In the CM flow, the first step consists of drilling in the metal block the holes for cooling channels (CCs) and ejector pins and plugging one of the ends, followed by rough milling (RM) and grinding with three-axis CNC. Finish-milling (FM), semi-finishing (SF), and finishing (F) operations are conducted with five-axis CNC, in order to achieve the specified shape and dimensional tolerances. To achieve the required texture and shape for the plastic product, the next step consists of electrical discharge machining (EDM) or manual polishing. Laser engraving is performed to mark the surface of the cavity for traceability. The last two steps are ultrasonic cleaning (UC) of the insert, to remove all residual lubricants, oil, and chips, before proceeding to quality control (QC) via 3D scanning.

The AM process chain starts with the MAM process and relative post-processes (i.e., powder cleaning, cutting from build plate, and support removal) and heat treatment. The next steps are then very similar to the CM workflow. However, at the start of each step, some additional time may be required to select the suitable cutting tools, as the printed part is near-net-shape and has different surface characteristics as compared with the CM-generated components.

To build up the model and run the simulation, it was necessary to collect, among others, data regarding the setup time [28], processing time [29], availability (the ratio between the time the machine is running successfully and the total time in which it could be running) [30], MMTR (mean time to repair, i.e., the time necessary to repair a machine) [31], number of workers, and any special observations.

The data were, as mentioned, collected through (i) conversations with experienced users, (ii) historical data, and (iii) literature research. An average was calculated when differences were noticed. The data were collected for each step of the manufacturing flow for both the CM and AM process chains. The processing and setup time data collected to run the simulations are presented in

Table 1. Time data for CM and AM manufacturing flow (N/A: not applicable).

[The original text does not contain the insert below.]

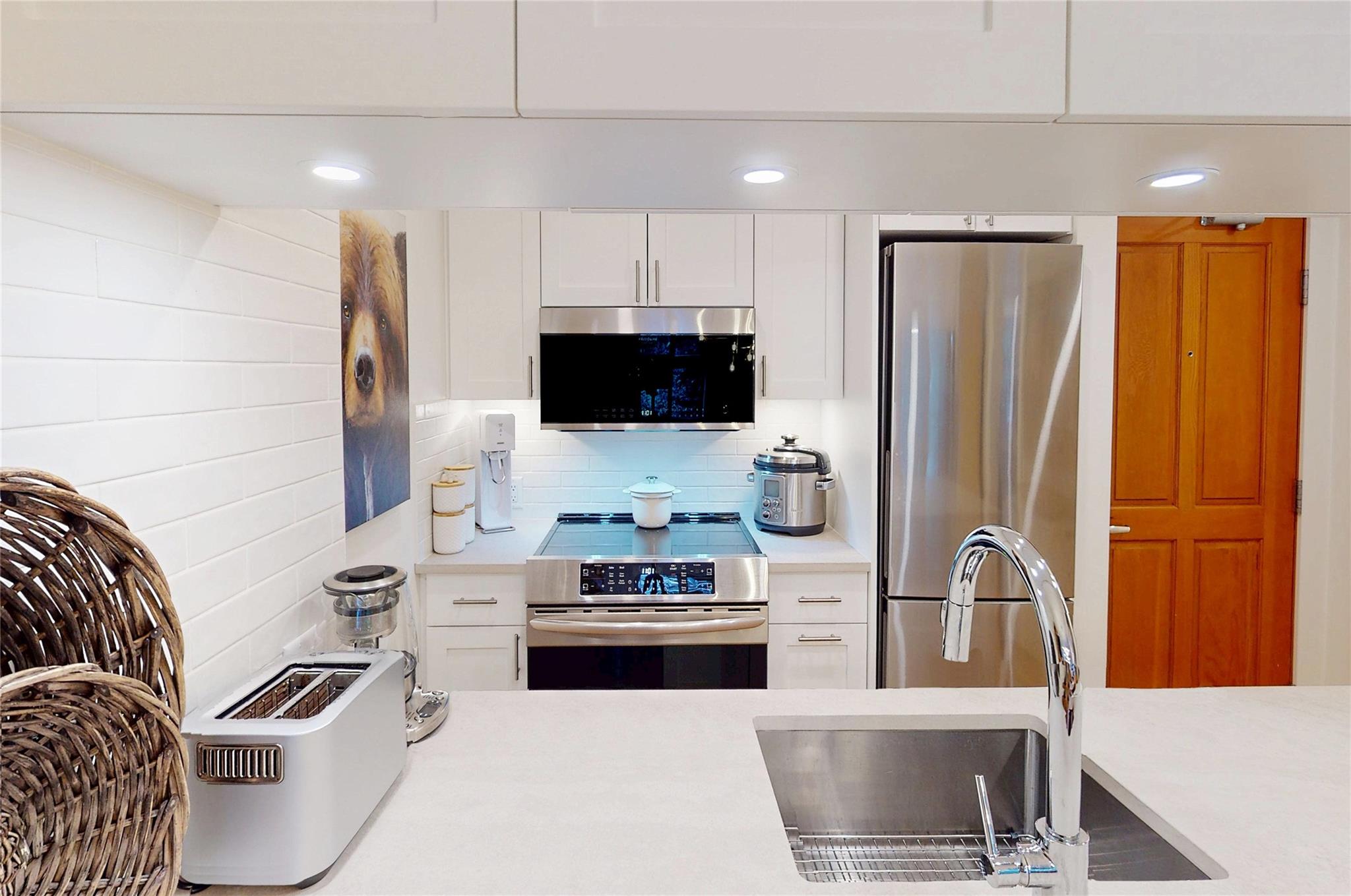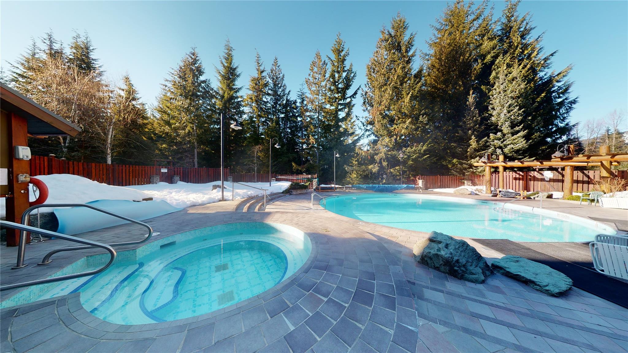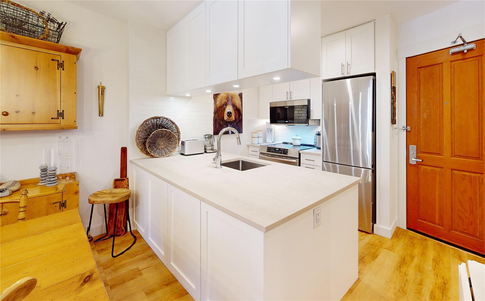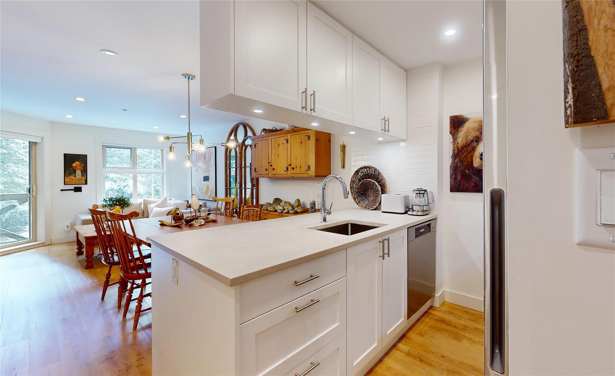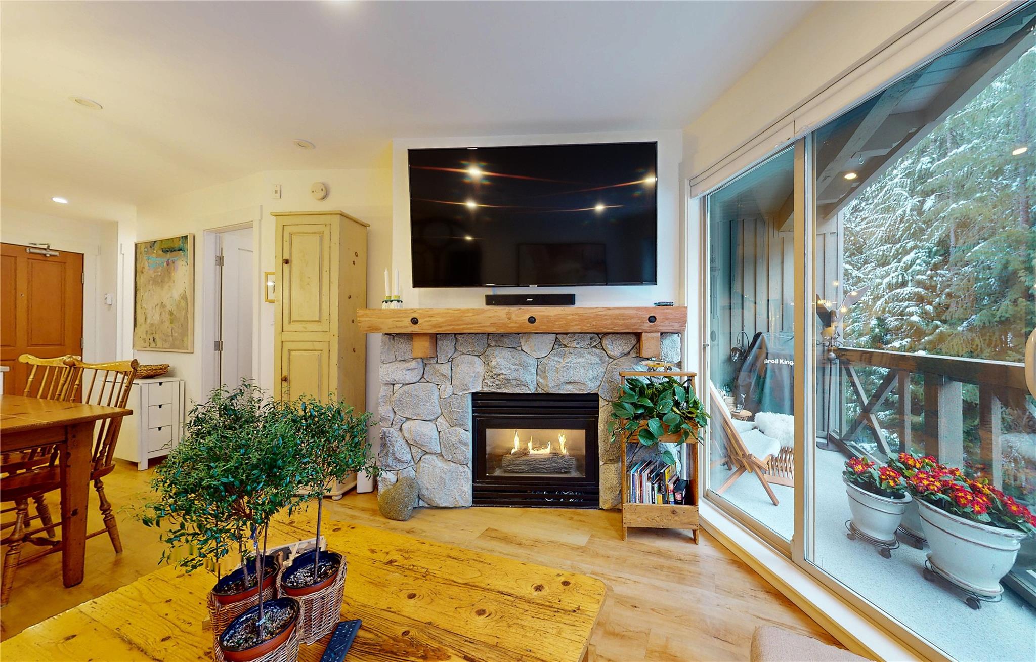 Welcome to this charming 1-bedroom condo in Lost Lake Lodge! Thoughtfully renovated, this cozy home offers an inviting atmosphere with high-end finishes. Wood flooring in living areas and bedroom, complemented by underfloor heated tiles in the bathroom. The kitchen boasts high end appliances, including Miele dishwasher Frigidaire induction stove, convection oven, microwave and Miele washer and dryer. The bedroom has custom-built California Closets, maximizing space and organization. The bright living area features a gas fireplace and access to a private patio. Lost Lake Lodge has fantastic amenities, including a front desk, outdoor pool, hot tub, fitness room, ski lockers, secure underground parking and easy access to skiing, biking, and Lost Lake trails.

Process Step	Conventional Manufacturing		Additive Manufacturing
	Processing (min)	Setup (min)	Processing (min)	Setup (min)
AM process	N/A	N/A	3240	120
AM post-processes	N/A	N/A	130	N/A
Heat treatment	N/A	N/A	2880	N/A
Drilling CC/ejectors	180	60	N/A	N/A
Plugging	60	N/A	N/A	N/A
Rough mill back	180	30	N/A	N/A
Rough mill front	180	90	N/A	N/A
Grinding	30	30	180	180
Finish mill back	105	75	180	120
Semi finish front	540	60	540	60
Finish front	540	60	540	60
EDM	480	60	480	60
Laser engraving	60	15	60	15
UC	40	N/A	40	N/A
QC	22	5	22	5

.

In the considered case, there are twenty-two workers in the factory, of which fifteen are dedicated to the CM area, two on AM, four on EDM, and one for the UC and QC. The number of workers is proportional to the number of machines involved.

The setup of the simulation model used is presented schematically in Figure 4, with a 3D view taken from Tecnomatix Plant Simulation. It consists of four main manufacturing areas: CM (three three-axis milling; four five-axis milling machines; and one laser engraver, UC, and QC), AM (two one-laser LPBF machines and one furnace), EDM (four wire cutters and four EDMs), and grinding (two grinding machines).

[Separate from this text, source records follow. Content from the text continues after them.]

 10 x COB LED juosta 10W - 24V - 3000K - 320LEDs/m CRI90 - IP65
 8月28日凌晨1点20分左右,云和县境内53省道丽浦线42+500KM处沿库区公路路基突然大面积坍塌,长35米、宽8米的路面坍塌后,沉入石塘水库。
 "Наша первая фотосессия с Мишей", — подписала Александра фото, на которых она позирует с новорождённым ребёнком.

Three scenarios were considered to evaluate the impact on the production throughput of selecting AM or CM as the manufacturing method:

• Scenario 1: one-to-one comparison of the AM and CM flow, with only one machine per type active and performing one step of the process chain;
• Scenario 2: an AM-to-CM comparison that includes all of the machines available listed above in the model setup, in order to consider the full factory capabilities;
• Scenario 3: focus on the AM process chain flow performance where a third newer machine is added, equipped with four lasers.

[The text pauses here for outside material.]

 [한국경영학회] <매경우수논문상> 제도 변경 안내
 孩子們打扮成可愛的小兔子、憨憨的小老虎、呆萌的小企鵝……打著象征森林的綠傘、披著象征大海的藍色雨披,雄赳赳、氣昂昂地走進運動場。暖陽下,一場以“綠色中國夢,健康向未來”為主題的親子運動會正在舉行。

Each scenario was run to calculate the number of inserts manufactured in 1 year (considered as 250 days of active work), with the machine running 24 h a day, 7 days a week. A few assumptions were necessary to run the simulation, for example, the heat treatment is a parallel process to the printing and can fit eight inserts at the same time, while the UC can clean four parts at the same time.

4.1. Scenario 1—AM-to-CM Comparison—One Machine per Type Active

The results collected from running this production simulation for one year are presented in Figure 5 and Figure 6 for CM and AM respectively. In this comparison, with the CM workflow, 595 inserts can be produced in one year, while 105 inserts can be produced with the AM process chain. The analysis of the resource shows that the LPBF machine represents the process bottleneck, as this step takes up to 54 h. Hence, the AM machine waiting times block the workflow productivity.

4.2. Scenario 2—AM-CM Comparison—All Machines Active (Full Factory Capability)

The results of the simulation for one year of production are presented in Figure 7 and Figure 8 for CM and AM respectively. The second scenario, in which all machines present at the production site are used, and thus two AM machines are employed, confirms the earlier conclusion that the printing step was the bottleneck; that is, its reduction by adding one extra AM machine almost doubles the throughput for AM (210 inserts). The productivity increase for CM is only marginal (two extra inserts produced compared with scenario 1, or a 0.3% increase). The AM step continues to be a bottleneck in this scenario too, as its occupancy is the highest, blocking the successive steps. An interesting aspect is that the next bottleneck in the flow can already be identified in the heat treatment because of the long time it takes and only one machine being available. One of the reasons that, in the CM manufacturing line, there is not such a big breakthrough compared with AM, despite the addition of an extra grinding and five-axis CNC, is that there are two consecutive bottlenecks: semi-finishing and finishing. These should be removed at the same time to further increase throughput.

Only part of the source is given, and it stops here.